Die Sprache ist ein Abbild der Wirklichkeit, können wir von Ludwig Wittgenstein lernen. Also ist Sprache ein Modell. Nur von der Wirklichkeit? Oder eben auch von der Möglichkeit. Die geordnete Sprache besteht aus Sätzen.
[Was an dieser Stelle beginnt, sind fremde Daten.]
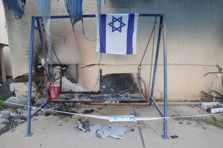epa11944529 An Israeli flag hangs from a burnt swing as family and friends of Israeli hostages, twin brothers Gali and Ziv Berman, gather for a rally outside the brothers' home calling for their release, in kibbutz Kfar Aza, near the border with the Gaza Strip in southern Israel, 06 March 2025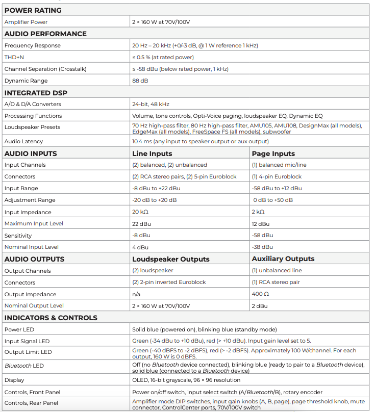 Amplificatore serie Veritas 2×160W 70/100V – Ingresso wireless Bluetooth® 5.0 e il pratico display OLED

Genaue Zitate aus Ludwigs Wittgensteins Tractatus logico-philosophicus (Original in Englisch, Cambridge 1921):
  
«Die gesamte Wirklichkeit ist die Welt.» (2.063)
  
«Das Bild stellt die Sachlage im logischen Raume, das Bestehen und Nichtbestehen von Sachverhalten vor.» (2.11)
  
«Das Bild ist ein Modell der Wirklichkeit.» (2.12)
  
«Den Gegenständen [Sachen im Sachverhalt] entsprechen im Bilde die Elemente des Bildes.» (2.13)
  
«Das Bild ist eine Tatsache.» (2.141)
  
«Die Form der Abbildung ist die Möglichkeit, dass sich Dinge so zueinander verhalten, wie die Elemente des Bildes.» (2.151)
  
«Diese Zuordnungen sind gleichsam die Fühler [eine schöne Metapher] der Bildelemente, mit denen das Bild die Wirklichkeit berührt.» (2.1515)
  
«Der Satz ist ein Bild der Wirklichkeit. Der Satz ist ein Bild der Wirklichkeit, wie wir sie uns denken.» (4.01)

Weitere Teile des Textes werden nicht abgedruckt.